It's kind of a funny thing, because I regard myself as very broad and shallow, and he is clearly a very deep scholar in a number of areas, but... In one of the few areas where I do have a bit of depth, it turns out that he's wrong. That was his discussion of the Japanese language, which has a totally incorrect presentation of the Japanese writing system. I actually see how some aspects of the Japanese reality could be incorporated into his presentation to actually strengthen it, but this sort of mistake does make you wonder about other details of the book. As a result of that, I found myself more skeptical about some of his other examples where he appealed to Japanese examples for such topics as guns restrictions in Japan. Japanese-related topics actually appeared many times in the book, though the final one was a place where he skipped over Japan's probable involvement. He mentioned that China gave up navies, but he didn't mention that before that several Chinese fleets had perished in typhoons when they were attempting to attack Japan.
Another omission was The Mismeasure of Man.
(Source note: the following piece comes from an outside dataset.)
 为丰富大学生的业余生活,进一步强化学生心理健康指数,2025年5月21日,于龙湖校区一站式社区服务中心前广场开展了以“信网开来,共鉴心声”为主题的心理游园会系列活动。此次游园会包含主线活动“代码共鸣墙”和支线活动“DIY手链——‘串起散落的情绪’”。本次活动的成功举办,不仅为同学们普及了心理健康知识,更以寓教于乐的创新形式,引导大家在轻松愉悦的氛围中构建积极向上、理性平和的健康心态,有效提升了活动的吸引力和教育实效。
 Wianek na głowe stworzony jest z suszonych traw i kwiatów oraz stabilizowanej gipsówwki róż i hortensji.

Actually, quite a bit of Gould's work seemed relevant to his topics, but there certainly wasn't any mention in the text, and I didn't spot anything in the appendix about additional reading, though he closed the general section with a famous book that was basically an attack on Gould's book. I'm pretty sure that Gould's revised edition, which included a response to that book, was published several years before this one--but still no mention of it.
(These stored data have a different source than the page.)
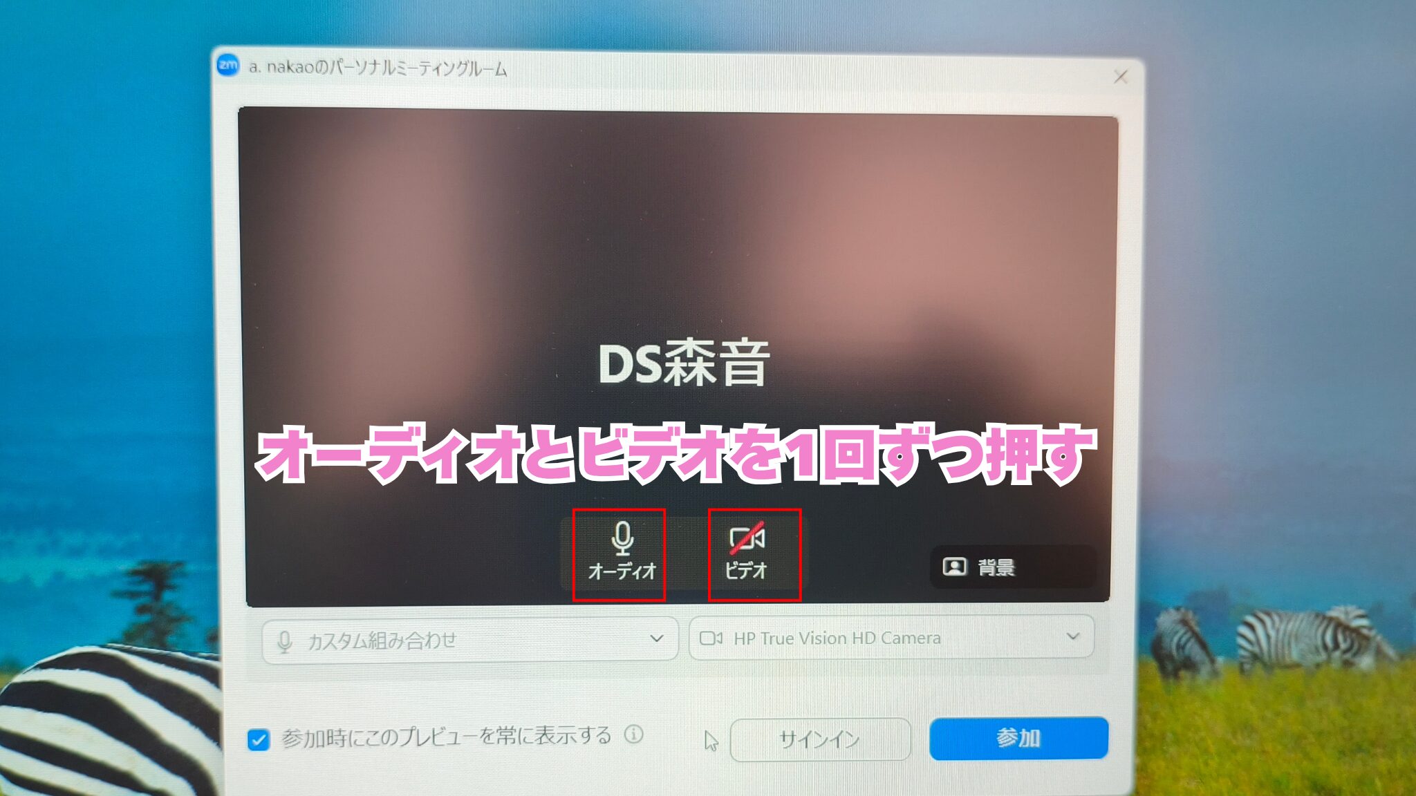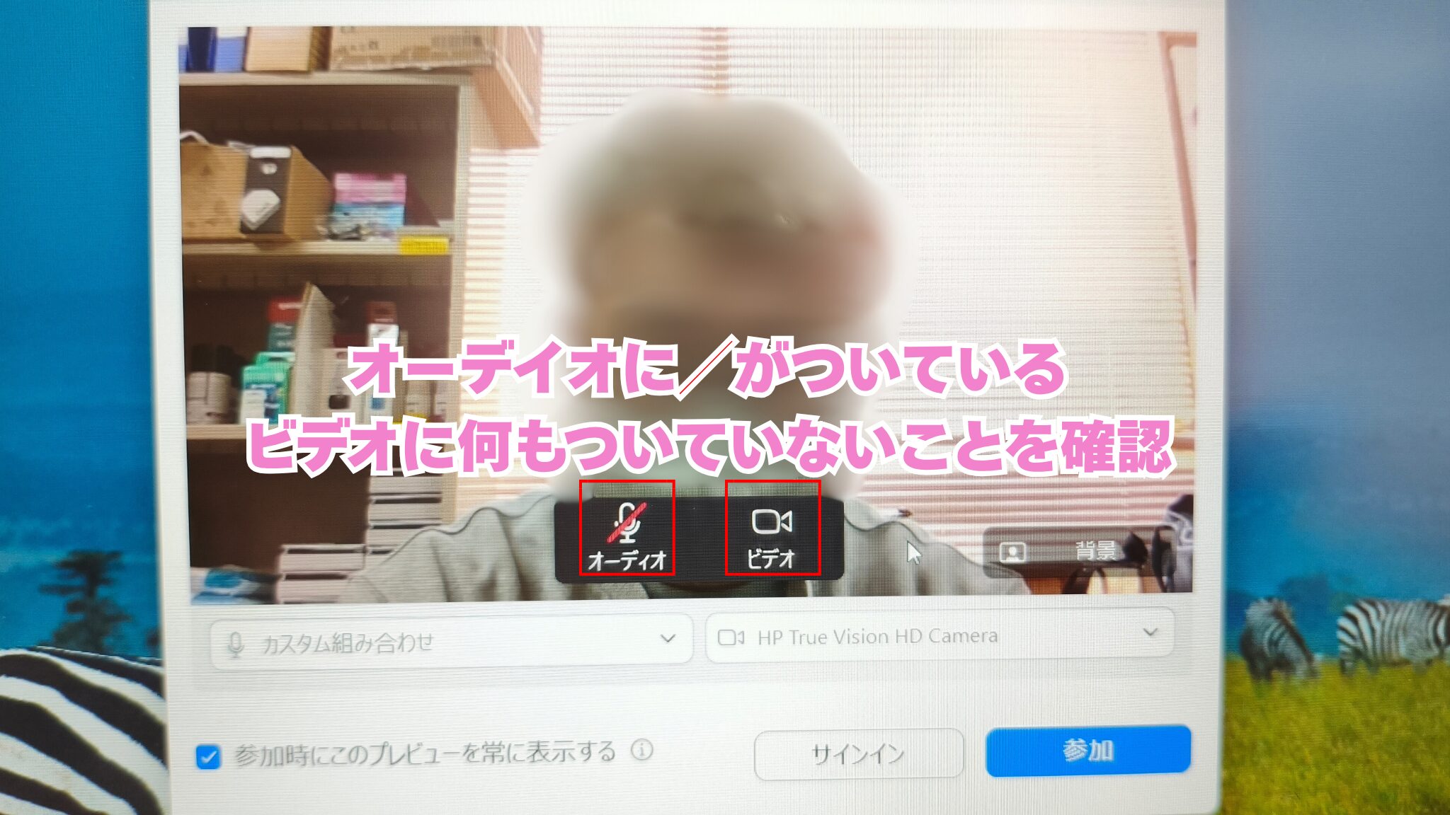 この待機画面では、最初は「オーディオがオン」「ビデオがオフ」になっていることが多いです。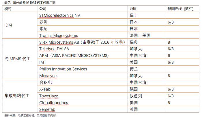 全球MEMS制造商业模式主要分为IDM、纯MEMS代工、集成电路代工三类。全球MEMS代工主要可IDM、纯MEMS代工、集成电路代工。其中,纯MEMS代工不提供任何设计服务,企业根据客户提供给的MEMS芯片设计方案,进行工艺制程开发以及代工生产服务,代表企业包括TeledyneDalsa、IMT等。IDM模式为自己设计自行生产,在满足自身晶圆制造需求后,也会将剩余产能外包出去,提供MEMS代工服务。传统集成电路MEMS代工则为传统集成电路(主要为CMOS)代工企业以原有的CMOS产线为基础,嵌套部分特殊的生产MEMS工艺技术,将旧产线转化为MEMS代工线,代表企业包括台积电、Global Foundries等。
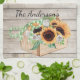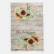 Hermosa toalla de baño de madera y girasol, personalizable con tu nombre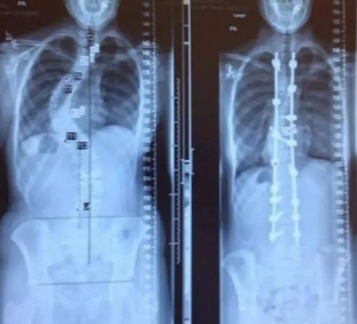 La Columna Vertebral de una persona antes y después de su operación de escoliosis.
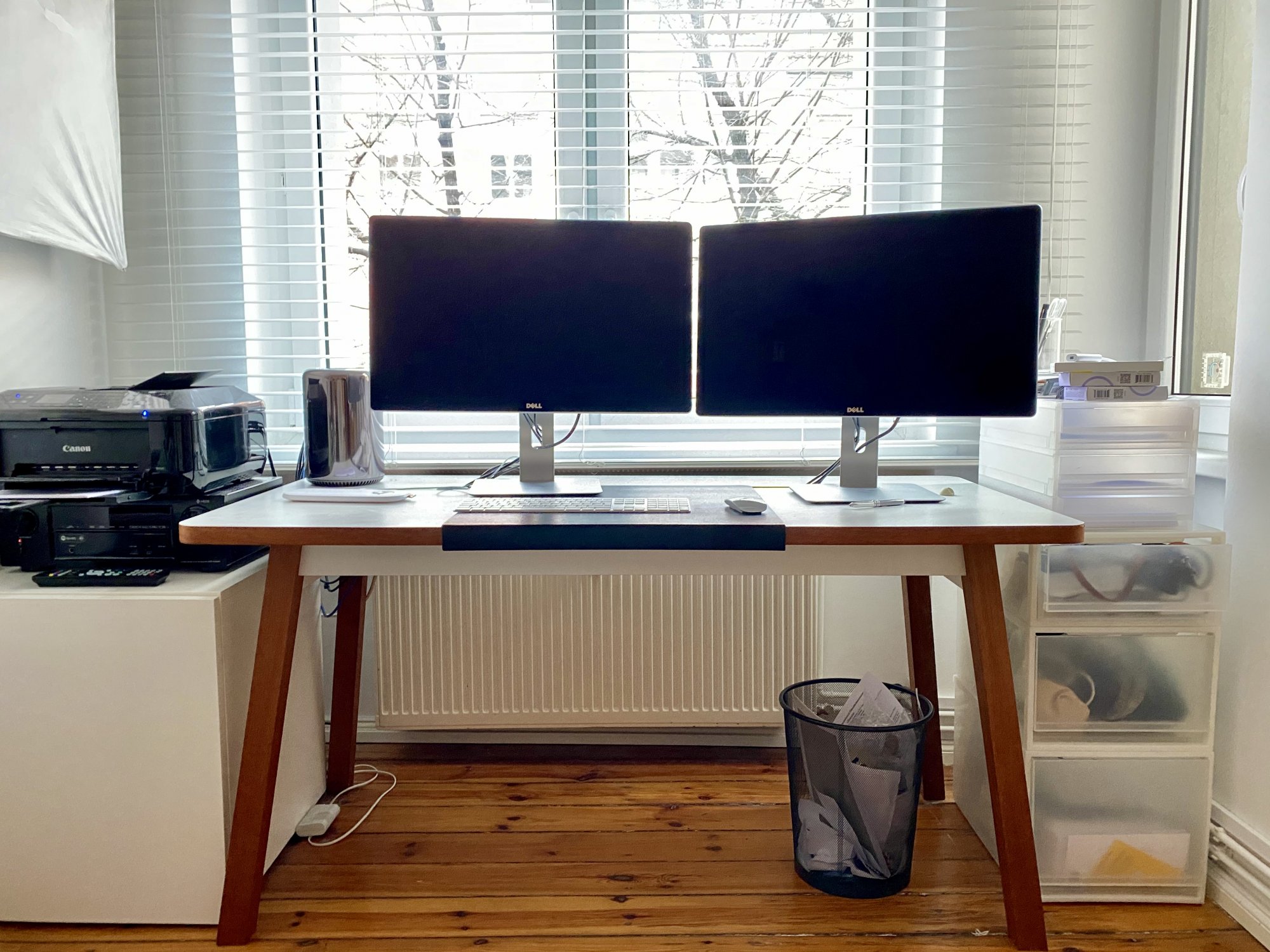 currently my desk looks like this (except for the trashcan gone and replaced by the cheese grater).

To quickly mention the topic of kleptocracy, I kept expecting him to start ranting about "property is theft", but he kept it on more reasoned basis. He wasn't very consistent there, seeming to agree that there were some large scale projects and good works that were sometimes done by governments, but that the idea was basically theft. I'd prefer to regard it as a greedocracy... Anyway, I felt that his political theorizing was a relatively weak part of the book.
Near the end he's talking about the study of history as a science... He includes various aphorisms about history, but he left out the one I regard as the quasi-official joke of my own history department at Rice: "The only lesson you learn from history is that no one learns any lessons from history." He never heard of it? Or it cuts too hard against the grain of his thesis that history is worth studying?
Interesting read, and lots of food for thought--but not sure if I should recommend it to a general audience. Well, Dubya should read it, but mostly to keep him out of mischief for a few months. Can't expect him to learn anything by it.